Прохладная вода окутала тело свежестью и упругим течением, и Михаил нырнул, наслаждаясь долгожданным избавлением от жары. Двумя мощными гребками он стремительно приблизился к скрытой под водой фигуре. Вынырнув прямо возле взвизгнувшей Юли Михаил обнял её и протянул к себе. Грудь у неё была маленькая и едва выделялась под миниатюрным бикини, зато точëная фигурка и та часть тела, что парни называют «орехом», сразу приковывали взгляд и вызывали шевеление в мужских природных настройках.
- Привет, - улыбнулся он.
В ответ Юля впилась в его губы длинным влажным поцелуем, а после укусила за нижнюю губу на самой границе боли и удовольствия и потянула на себя.
- Ты что, пистолет с собой на речку берёшь? – лукаво улыбнулась она, отлепившись от Михаила, и тот, в мгновение покраснев, немного отпрянул от неё.
- Соскучился, - сконфуженно произнёс он.
- Как дела вообще? Чем занимался? – Юля скрестила руки за его головой и начала медленно кружиться.
- А ты не слышала ещё? – мрачно спросил Михаил.
- Бли-и-ин, - протянула Юля и прикрыла глаза, - так это ж твои друзья были, да? Точно, ты же рассказывал. Жалко, конечно, - она скорчила сочувствующую гримасу и слегка наклонила голову, - ну, главное, что с тобой всë в порядке.
- Угу, - промычал Михаил, не в силах разозлиться. Отяжелевшие в притворном сочувствии веки придали взгляду изумрудных глаз Юли томность, а выпяченная нижняя губа, и без того пухлая, будто наевшаяся пиявка, манила мягкостью и каким-то порочным магнетизмом. Вообще, Юлю нельзя было назвать красавицей в полном смысле этого слова, на фото она часто терялась на фоне подруг, но при личном общении её взгляд, всегда будто ленивый и сонный и чувственные губы, приоткрытые в загадочной улыбке, из глубин которой призывно выглядывала разделённая небольшой щелью белизна зубов, производили эффект мгновенного обаяния и мягкого обволакивающего волшебства. Под эти чары и попал Михаил ещё зимой, когда Юле было пятнадцать.
- Какие планы? – спросила она, сбросив маску сочувствия, - пойдём гулять вечером?

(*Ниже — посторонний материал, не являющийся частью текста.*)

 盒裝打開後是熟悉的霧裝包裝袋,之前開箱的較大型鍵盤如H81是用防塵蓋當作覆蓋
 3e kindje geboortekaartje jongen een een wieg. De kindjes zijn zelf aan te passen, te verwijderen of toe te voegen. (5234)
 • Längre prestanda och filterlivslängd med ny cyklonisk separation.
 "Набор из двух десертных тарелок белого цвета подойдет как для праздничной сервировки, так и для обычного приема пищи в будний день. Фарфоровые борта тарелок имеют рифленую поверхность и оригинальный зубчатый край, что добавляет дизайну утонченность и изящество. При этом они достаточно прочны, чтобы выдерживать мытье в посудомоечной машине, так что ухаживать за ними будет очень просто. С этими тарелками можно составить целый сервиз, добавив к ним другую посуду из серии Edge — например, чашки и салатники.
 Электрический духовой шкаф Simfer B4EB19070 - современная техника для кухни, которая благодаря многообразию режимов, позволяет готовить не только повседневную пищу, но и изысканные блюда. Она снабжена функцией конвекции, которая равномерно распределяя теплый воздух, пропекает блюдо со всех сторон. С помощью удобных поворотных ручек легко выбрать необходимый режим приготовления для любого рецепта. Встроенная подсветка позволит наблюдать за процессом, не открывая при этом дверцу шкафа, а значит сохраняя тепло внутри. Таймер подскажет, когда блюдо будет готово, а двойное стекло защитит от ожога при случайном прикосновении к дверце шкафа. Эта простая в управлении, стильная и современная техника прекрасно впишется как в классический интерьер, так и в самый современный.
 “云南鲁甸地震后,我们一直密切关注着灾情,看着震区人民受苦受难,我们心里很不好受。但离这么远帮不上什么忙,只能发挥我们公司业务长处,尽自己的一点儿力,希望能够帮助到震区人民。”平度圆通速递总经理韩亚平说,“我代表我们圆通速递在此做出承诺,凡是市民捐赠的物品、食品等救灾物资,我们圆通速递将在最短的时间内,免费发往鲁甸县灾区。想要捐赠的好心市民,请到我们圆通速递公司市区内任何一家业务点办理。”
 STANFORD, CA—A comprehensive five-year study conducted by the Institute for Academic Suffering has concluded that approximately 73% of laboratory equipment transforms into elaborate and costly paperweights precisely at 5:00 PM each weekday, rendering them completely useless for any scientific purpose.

Михаилу в этот момент стало нестерпимо стыдно из-за того, что сейчас ему больше всего было жаль не погибших друзей, а пропавшего вечера с девушкой, которая, уловив колебание, крепче обхватила руками его шею и, оттолкнувшись ото дна, обвила его поясницу загорелыми ногами.

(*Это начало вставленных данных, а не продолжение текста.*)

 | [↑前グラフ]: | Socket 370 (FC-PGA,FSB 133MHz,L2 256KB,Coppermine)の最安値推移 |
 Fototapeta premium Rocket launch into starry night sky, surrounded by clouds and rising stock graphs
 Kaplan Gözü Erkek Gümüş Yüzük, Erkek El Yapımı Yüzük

- Ну-у… - настойчиво протянула Юля, - что за сомнения? У тебя что, кто-то появился, пока меня не было?
- Нет, конечно, - взяв себя в руки хмыкнул Михаил, - просто, блин… Я же не знал, что ты сегодня… Короче, дело одно есть семейное. Никак, в общем, не вырваться. Давай завтра. Я сегодня порешаю и с завтрашнего дня полностью твой, договорились?
- Ну смотри мне, Кузьма, - грозно прищурилась Юля, - я за тобой наблюдаю! – и снова впилась в Михаила губами, постреливая при этом глазами на берег, где обжимающаяся парочка уже привлекла внимание строгих блюстительниц деревенской морали. – Ладно, я обратно на матрас, - с загадочной хрипотцой произнесла она и, словно наевшийся осьминог, ослабила хватку и медленно выпустила жертву из объятий, - до завтра, получается?
- До завтра, - кивнул Михаил и, оторвав ноги ото дна, поддался течению, медленно дрейфуя к середине реки.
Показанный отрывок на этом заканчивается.